Maybe "please consider adding TLS because ... " is a good compromise? Still not a foot-stomping demand but you're stating why it would be better for all involved while not treating the subject as a child.

Personally I would even leave off the "because ..." because I'm a non-native speaker and happy to be taken as a little abrasive.


Counterpoint, I often enjoy conversing with Europeans because it less often sounds like they are bullshitting and more often they just directly say what they mean, compared to fellow American born folks.


Are you from UK?


Lol yes.


Saying "Could you kindly ..." is explicitly less demanding than "Please ...".


Seems like unnecessarily much ass kissing for a simple request.

IMO, "Please x" is a plenty polite way to ask for x in English, and "I am not going to x" is not rude at all

I always fail to understand when people shy away from simplicity in communication.

How long until we replace `wontfix` tags with `I totally would but I already have a thing that day`


They're not shying away from simplicity, but from ambiguity, especially when the range of possible interpretations includes being a jerk. We don't have nonverbal channels to communicate in this format, unlike in person, where positive intent has many easy ways to come across. Here the only channel we have is words, so it needs to be explicit in words. The burden is on the commenter to disambiguate.

https://hn.algolia.com/?dateRange=all&page=0&prefix=false&qu...

(Doubly so when the message is off-topic and double again when it's a cliché.)


Thanks for this. Non-native speakers of English trip this one up a lot. This entire phenomenon of "please" is worthy of its own article.

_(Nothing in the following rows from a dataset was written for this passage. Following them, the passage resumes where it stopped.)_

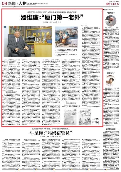5月10日,《中国教育报》第4版(新闻•人物版)以三分之二的版面深入报道了我校管理学院外籍教授潘维廉,题目是“潘维廉:‘厦门第一老外’”。
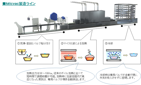 ②マイクロ波加熱により食材の調理・殺菌を同時に行う。
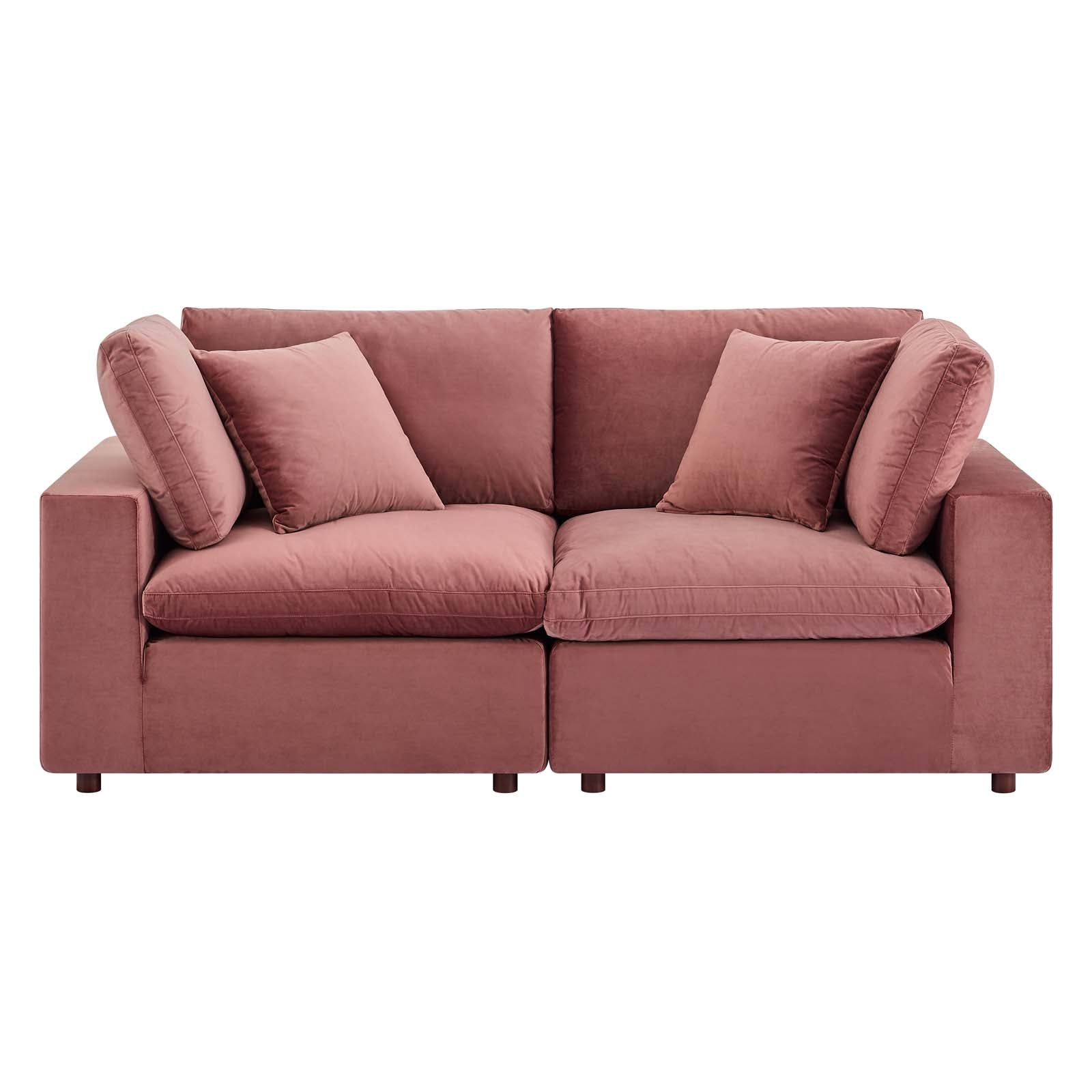 Commix Down Filled Overstuffed Performance Velvet Loveseat, Dusty Rose
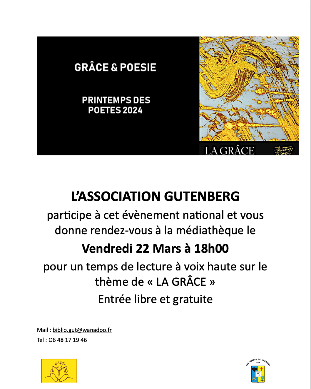 A l’occasion du Printemps des Poètes, l’association Gutenberg vous donne rendez-vous à la médiathèque le VENDREDI 22 MARS à 18h00 pour un Club Lecture autour du thème de La Grâce.
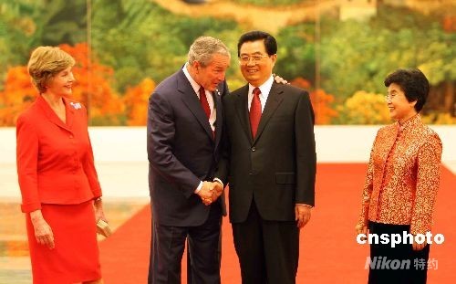 8月8日中午,中國(guó)國(guó)家主席胡錦濤和夫人劉永清在北京人民大會(huì)堂為出席北京奧運(yùn)會(huì)的貴賓舉行歡迎宴會(huì)。圖為胡錦濤夫婦歡迎美國(guó)總統(tǒng)布什夫婦。中新社發(fā) 任海霞 攝
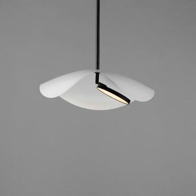 Poetic and organic in design, the undulating form of the metal shade appears to float effortlessly on a slender frame. Abstract discs of LED lighting are encased in round, adjustable heads so that the light can be directed upwards for indirect lighting reflected on the internal white painted face of the shade or the light sources can be rotated downward to provide bright illumination exactly where needed. The simple, sculptural form adds dimension in its scale evocative of a manta ray or the seductive quality of a woman wearing a large floppy hat.
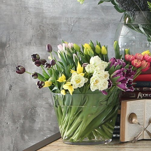 大きなロックグラスの様なデザインの、ガラスベース。シンプルな形状ですが、シャープで汎用性が高いデザインです。中に収めた物の魅力を引き出すので、ショップ等のディスプレイに最適。プロのデコレーターやコーディネーターの方にも人気のアイテムです。ご自宅では非日常の演出に。

I downvoted both this post and the one above because it's completely off topic.


That's fair. Thank you for the explanation.


It wasn't a polite suggestion. It was a demand for the author, who is giving you something for free, to accommodate your preferences.


Unless I'm reading it wrong, the text says "Please implement TLS". Not everything is evil, toxic and in need of your downvote hammer. There's no injustice to be fixed here.


Just because somebody tries to phrase it in a polite way doesn't make it any less of a demand.